**How to complete this task:** In the entries below, find the line with "Little Acquaintance of" and the line with "Figure 26. This"; reproduce those two lines and all lines between them exactly, without pictures.

[[ Information shown open ]]

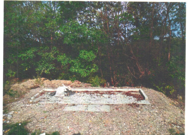
Latitude: N 47°40.837' (47°40'50.2"), Longitude: E 25°55.715' (25°55'42.9"), Altitude (Barometer): 412.00m
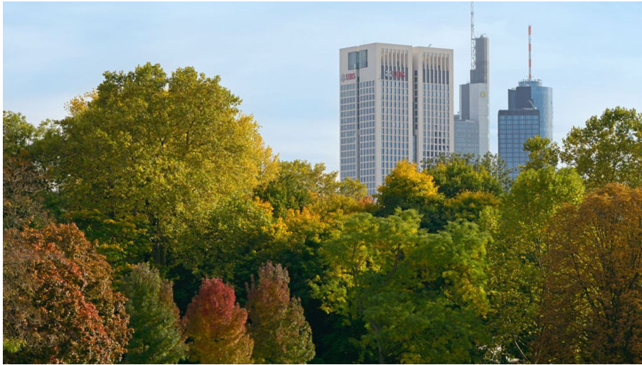
Grüneburgpark grün
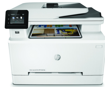
HP Color LaserJet Pro MFP M281fdn/M281fdw

Dynamic security enabled printer. Only intended to be used with cartridges using an HP original chip. Cartridges using a non-HP chip may not work, and those that work today may not work in the future. Learn more at: http://www.hp.com/go/learnaboutsupplies
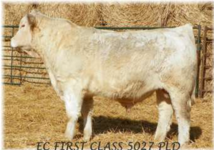
EC FIRST CLASS 5027 PLD
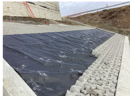
Bridge carrying Camp Hollow Road - articulating block slope wall construction.
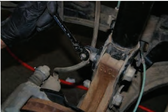
Reattach brake line bracket
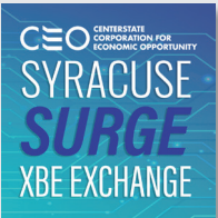
Surge XBE Exchange Seeks Members to Connect with XBE Startups
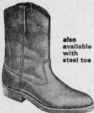
also available with steel toe

Here's a man's boot every step of the way! Rugged, handsome, ready for a rough day's work anytime. Easy on the feet, too. Stop in — try on Pecos by Red Wing and be convinced!
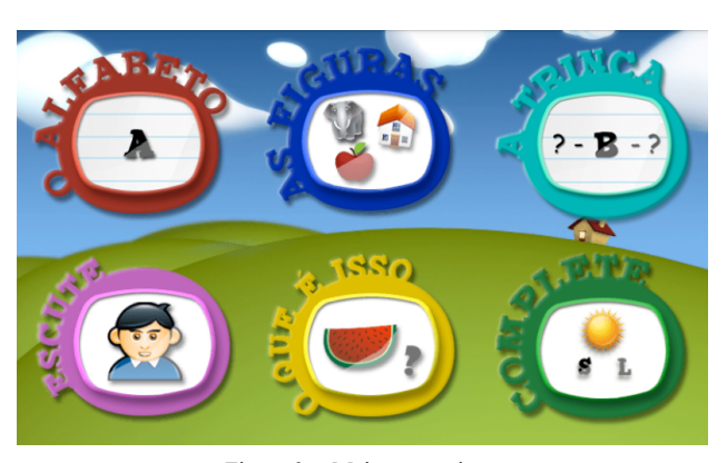
Figure 3. Main game view.
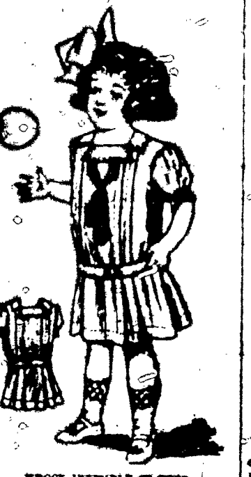
FROCK INTRICATELY CLOTHED.

Little Acquaintance of Brown Tulle Made For Sportswomen. Short waist coats are so in vogue in all sorts of designs. They generally come in sets of three pairs, two for the outer and one for the inevitable skirt.
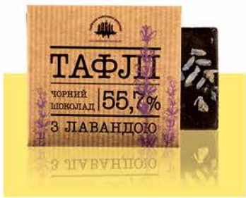
TABLETS DARK CHOCOLATE WITH LAVENDER
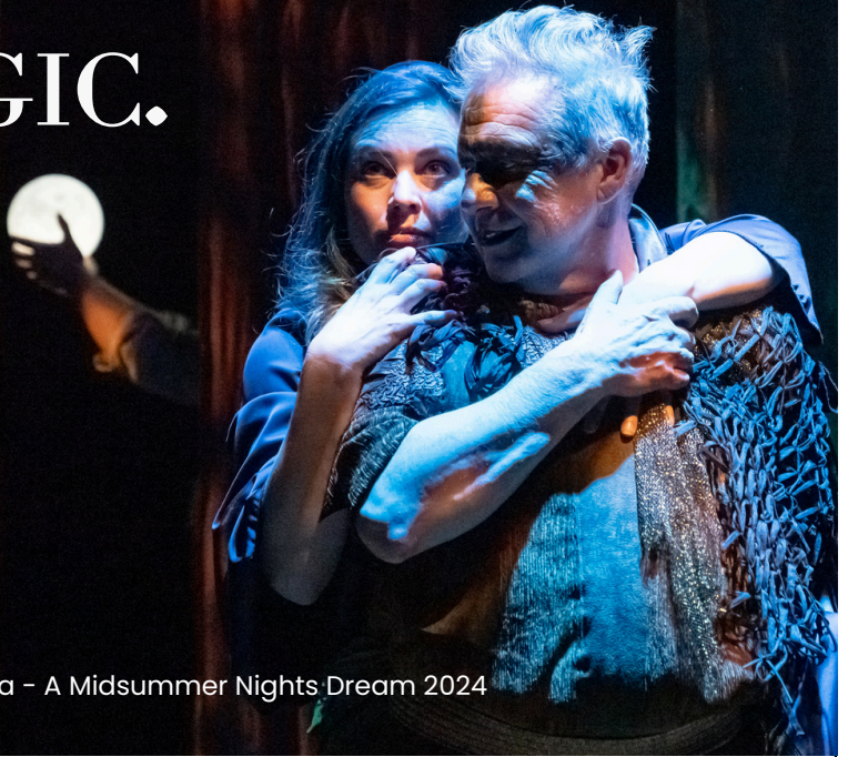
Oberon & Titania - A Midsummer Nights Dream 2024

For over 30 years, The Shakespeare Company has been Calgary's premiere classical theatre company. Each year we produce a season of plays anchored by the works of William Shakespeare, juxtaposed with other classics and more contemporary works inspired by them.
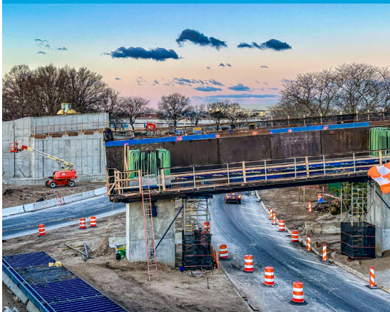
Bridge J34 West Abutment (behind) & J34 Pier 4
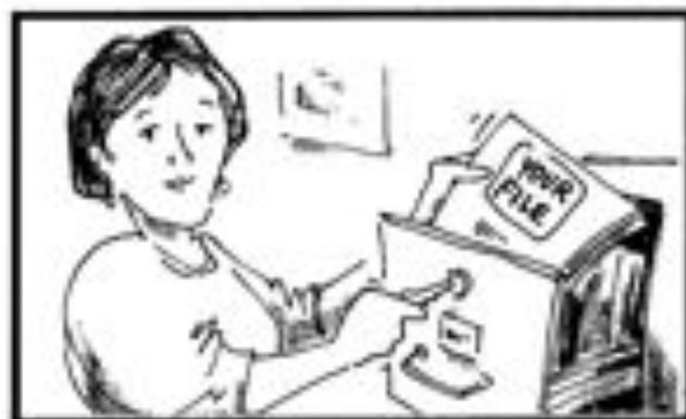
Keeping things private
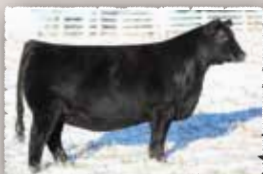
Peak Dot Queen 15G Purchased by KT Ranch for $24,000
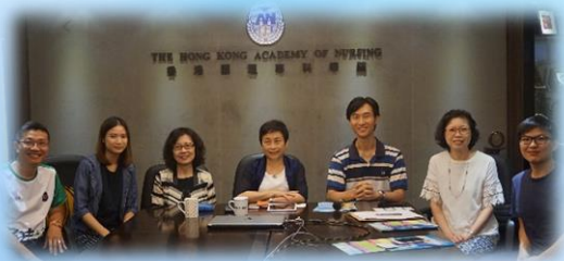
19 September 2017 Meeting with representatives from Society for Community Organization (SOCO)
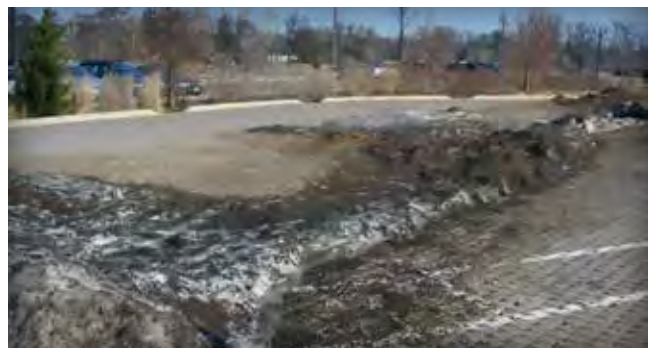
Figure 26. This is an example of snow that should have been deposited on a grassy area. If such areas are not available, then vacuum clean the PICP in the early spring.

A 2020 University of Toronto study on pavement deicing operations quantified some significant winter safety benefits when using PICP. Besides confirming that the use of permeable pavers can eliminate the occurrence of snow melt refreezing and forming black ice, snow and ice can also melt and dry quicker when deicers are used on PICP. More importantly, the research confirmed that a much lower deicing salt application rate is required on PICP compared to impervious asphalt, while still maintaining a high level
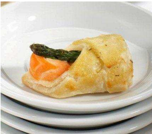
Honey Dijon Salmon & Asparagus
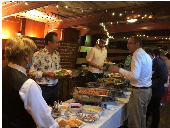
Buffet servery in the tween deck

A delicious buffet dinner (roasted beef fillet served with a shiraz jus, seasoned turkey breast roast with cranberry, honey leg ham, roasted seasonal vegetables, herb buttered chat potatoes, penne pasta tossed in pesto, Sydney rock oysters, smoked salmon, BBQ marinated octopus and calamari, and Greek, coleslaw, Caesar, Tabouli, and Vietnamese noodle salads, with brewed coffee and tea selection) was served in the 'tween decks, with afters (individual ice creams, mini mixed tarts and cream, and Australian cheese and crackers) served on deck, and many tall tales and true were told.

[[ Information shown closed ]]

**Response:**
Little Acquaintance of Brown Tulle Made For Sportswomen. Short waist coats are so in vogue in all sorts of designs. They generally come in sets of three pairs, two for the outer and one for the inevitable skirt.
TABLETS DARK CHOCOLATE WITH LAVENDER
Oberon & Titania - A Midsummer Nights Dream 2024

For over 30 years, The Shakespeare Company has been Calgary's premiere classical theatre company. Each year we produce a season of plays anchored by the works of William Shakespeare, juxtaposed with other classics and more contemporary works inspired by them.
Bridge J34 West Abutment (behind) & J34 Pier 4
Keeping things private
Peak Dot Queen 15G Purchased by KT Ranch for $24,000
19 September 2017 Meeting with representatives from Society for Community Organization (SOCO)
Figure 26. This is an example of snow that should have been deposited on a grassy area. If such areas are not available, then vacuum clean the PICP in the early spring.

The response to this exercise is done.